What Rand actually says is that there are good people and there are bad
people, and the defining characteristic of good people, the essence of virtue
is not altruism, but productive work. People rarely mention that there were
truck drivers and manual workers in Galt's Gulch, and that half of the
villains in the novel are unscrupulous businessmen).

Rand didn't actually say that much that's original about economics _per se_.
This leads people on both left and right to dismiss her as a simplistic
thinker. This ignores what _is_ original is what she's saying.

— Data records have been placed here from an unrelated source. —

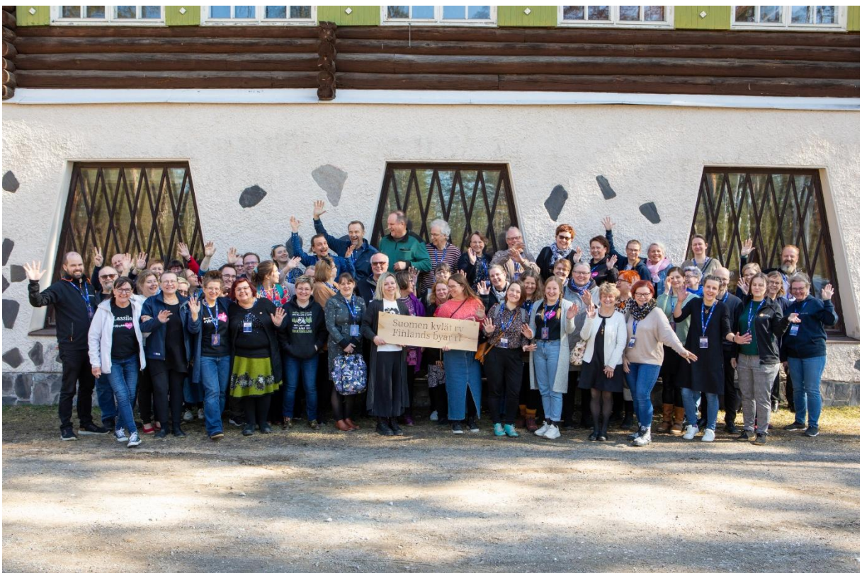
Kevään kyläpäivät Pieksämäellä

Suomen Kylät ry:n jäsenjärjestöjen lukumäärä vuonna 2025 oli 122. Näistä 15 on maakunnallisia kyläyhdistyksiä ja 53 Leader-ryhmiä. Aktion Österbotten rf, Elävä-Kainuu Leader ry, Kehittämisyhdistys SILMU ry ja Päijänne Leader ry edustavat sekä seudullista Leader-toimintaa että maakunnallista kylätoimintaa, joten maakuntatason kylätoimijatahoja on yhteensä 19. Valtakunnallisia jäsenjärjestöjä oli 14 sekä kylä- ja kaupunginosayhdistyksiä sekä muita vastaavia paikallisia järjestöjä oli 27. Maakuntaliittoja ja muita maakunnallisia järjestöjä oli jäsenenä 13.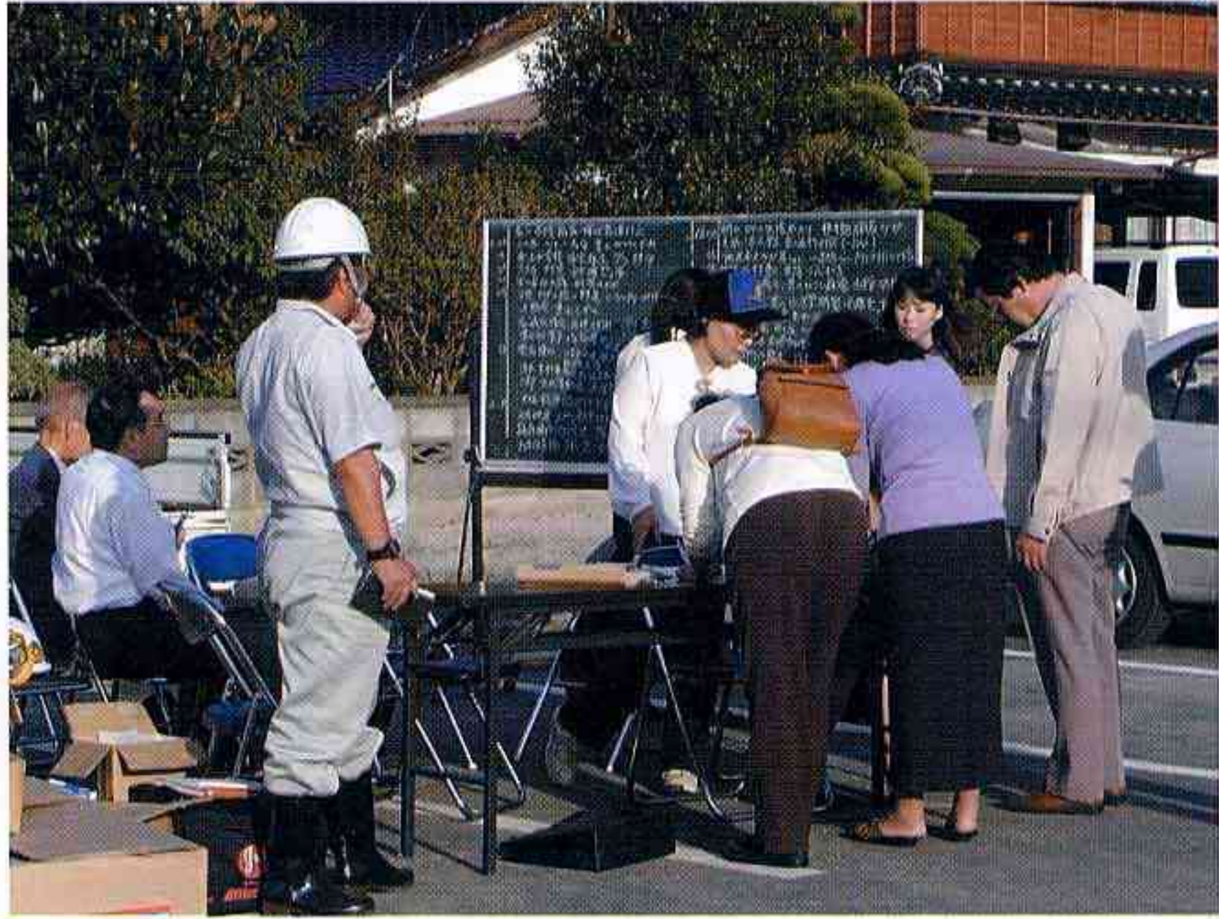
情報収集にあたる溝口町職員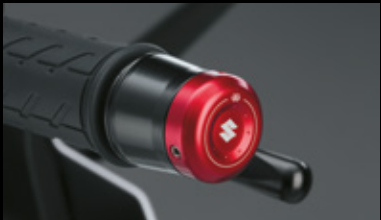
Lenkerendgewichte (Rot) 56200-25890-000 Gefertigt aus Stahl und Aluminium; mit Suzuki "S" Logo. Satz für rechte und linke Seite.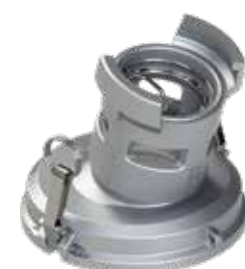
▶ SPRZĘGACZE API API COUPLINGS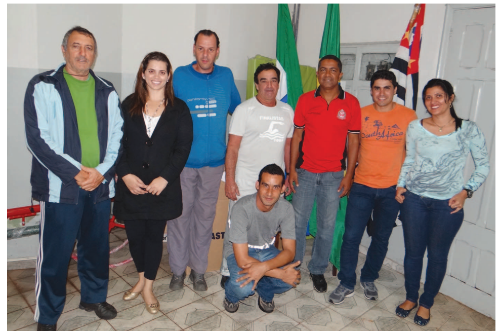
Comissão Organizadora do 56º Jogos Regionais

Através de uma fusão entre SEME/Avaré Mustangs e Palmeiras Locomotives para a disputa do Torneio Touchdown, o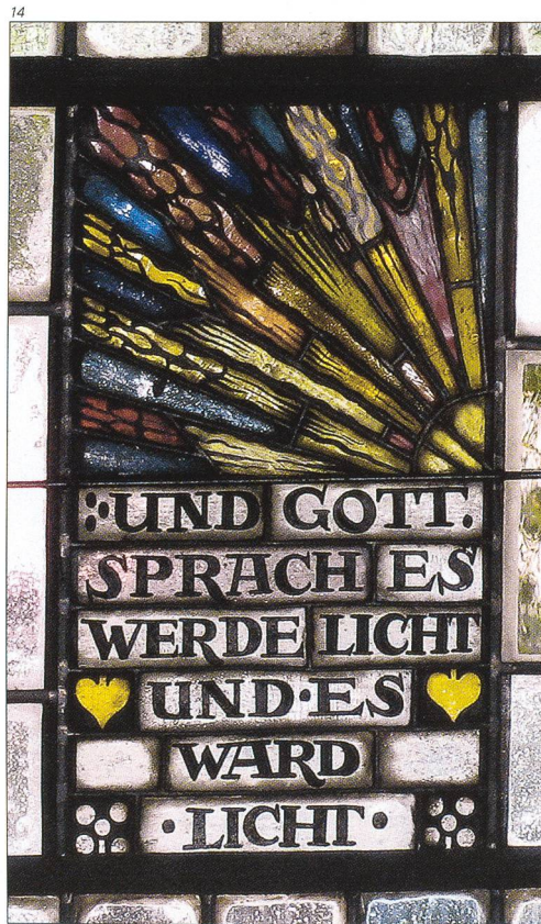
Abb. 14 Fenster Schiff, Detail.

zwei Durchbrüche, die in einer modernen, möglichst neutralen Art gestaltet wurden. Der grösste bauliche Eingriff erfolgte am Boden mit einem neuen Parkett in geräucherter Eiche. Darin eingelegt sind die Lüftungsöffnungen für die Heizung. Diese dienen gleichzeitig als Bestuhlungshilfen. Zusätzlich wurde das Chorpodest gegen das Schiff hin vergrössert. Auf die aus der Bauzeit stammende Bestuhlung wurde verzichtet. Sie bestand aus überlangen Bänken, denen weder formal noch handwerklich eine hochstehende Qualität attestiert werden konnte. Die Architekten entwarfen neue, kleinere Bänke, die je nach den Anforderungen unterschiedlich ange-

Unlike many libertarians, she doesn't argue that the free market is good
because it leads to good results for society. She says that a capitalist
society is good because it's the only society which fully protects individual
rights. It's not a coincidence that capitalist societies are more prosperous
-- however, when this is used as the _justification_ for capitalism, the
logical conclusion is to have a semi-free market where the government tries to
manage the economy and optimise different variables (GDP, employment,
inflation, etc), i.e. the system in almost every western country today. I'd
argue the constant financial crises and ballooning sovereign debt show that
this system cannot possibly be sustained.

Also: the _Journal of Ayn Rand Studies_ is not respected in official
Objectivist circles. It's one of a number of organisations which attempt to
water down Rand's message to appeal to more people, but as a result put off
both Objectivists and non-Objectivists.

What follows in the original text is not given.